Natural Nausea Relief
- GINGER. You’ve no doubt heard of this one before. It seems to be the go-to recommendation for morning sickness relief. It’s unknown what exactly causes the excellent digestive soothing that ginger provides, other than some special chemical compound found in the root’s flesh. My favorite forms have been spicy ginger beer (not ginger ale – there’s barely any ginger in it) or ginger candy from Reed’s or The Ginger People. This works when you need a strong flavor to overcome your nausea, but it does leave a warm sensation in your mouth which may sometimes feel or taste unpleasant. You can also grate or slice some fresh peeled ginger into hot water for a potent tea.
- EAT! Sometimes this sounds like the last thing you’d want to do, but an empty stomach can make nausea much much worse. My worst episodes occurred after a long night’s sleep, where it had been about 12 hours since the last time I ate. Eating some bland foods and keeping nourishing snacks handy throughout the day will help to combat this. My favorites are brown rice crackers, roasted unsalted almonds, Larabars, and Kelp Krunch bars, all very portable!
- PEPPERMINT. Not only is peppermint a natural stomach soother, it also gives your mouth a nice cool, clean feeling, something that can provide instant nausea relief. Try fresh mint leaf tea, natural mints (VerMints are great), or take a sniff of some peppermint aromatherapy oil.
- LEMON. Just smelling some fresh lemon can make a huge difference. If you find it helps you, carry around a slice or two of fresh lemon in a baggie and sniff it if you ever get a nausea wave. This is particularly helpful if you find yourself somewhere with strong and unpleasant smells (like a bus/train)!
- HORSE EXHALES. This might sound (and look) ridiculous, but it helps! Try a deep inhale through the nose, and then exhaling through your mouth, letting your lips audibly vibrate against each other, like a horse. Does that make sense? I tried to find something on YouTube that might explain it but with no luck. Anyway, this is a quick and easy way to relax your whole body – which can often be just the ticket to relieve nausea.
- SOUR TASTES. Some days, if I’m feeling sick to my stomach, the only things that sound good are sour. It’s that sharp bite that takes the full, uncomfortable, sick feeling away. Foods that have helped me: citrus fruits, pickles, Granny Smith apples, and cold green grapes.

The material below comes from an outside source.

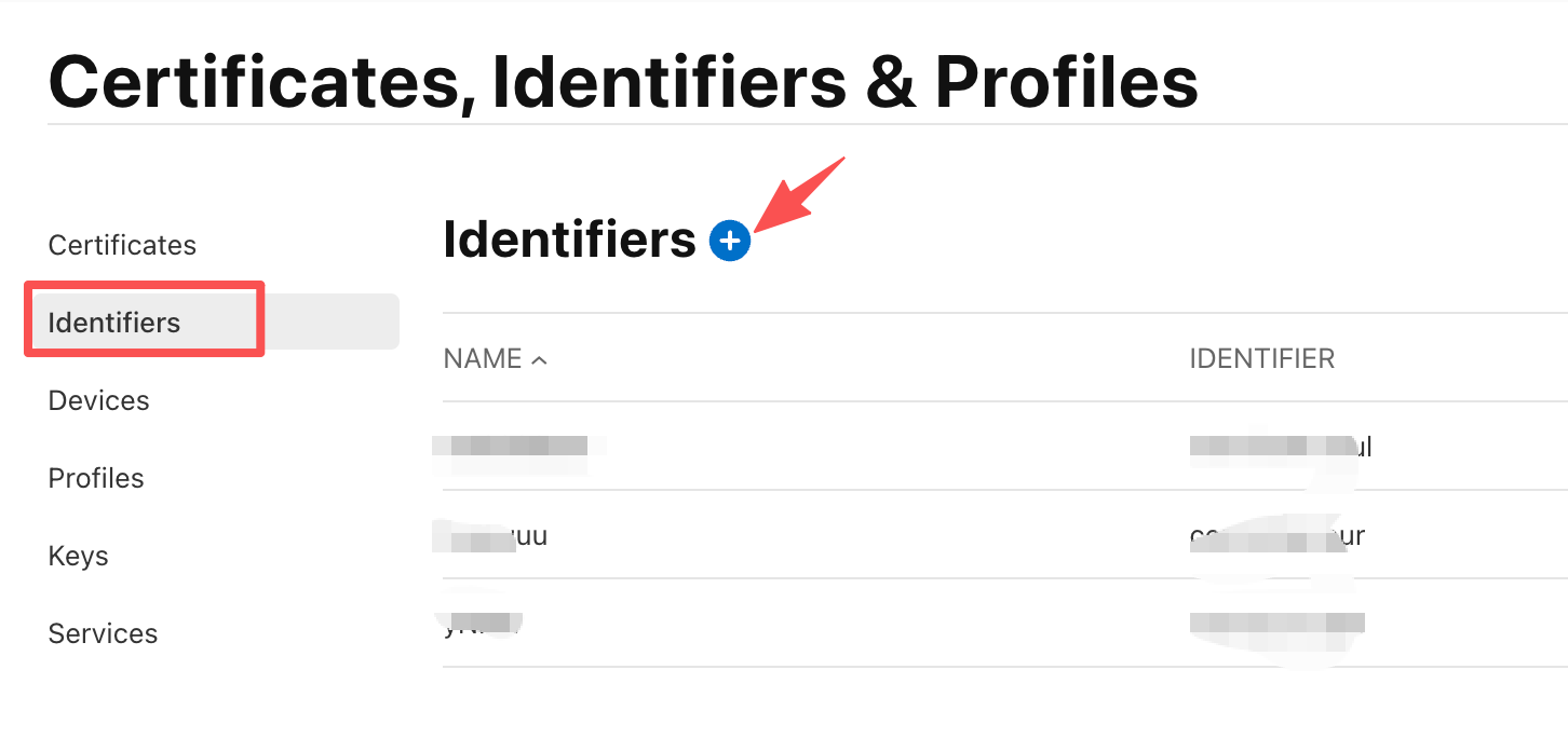 接下来来创建Identifiers(AppID,应用id),点击下面+号

- COLD TASTES. Sometimes, nausea relief is as simple as an ice cube. The cold factor can be a wonderful thing to cut through a sickly feeling. Try chewing on ice, natural fruit popsicles, ice cold water or fresh juice, or frozen grapes.
- ACUPRESSURE. There is a specific point on the inner wrist that is thought to be connected to the stomach, and when pressed on hard, can alleviate discomfort and nausea. Measure two thumb widths down from the crease of your wrist on your inner arm. The point lies there, between the two tendons (which become more obvious when you make a claw with your fingers). Press there sharply until you feel a “pleasant pain” and you should start to feel relief. It could take a few minutes but is a great thing to try. It’s also nice for someone else to do for you, which can help you to relax. (If you don’t believe in the powers of acupressure or acupuncture, then just think of it as a distraction pain – you’ll focus on your wrist rather than the nausea!)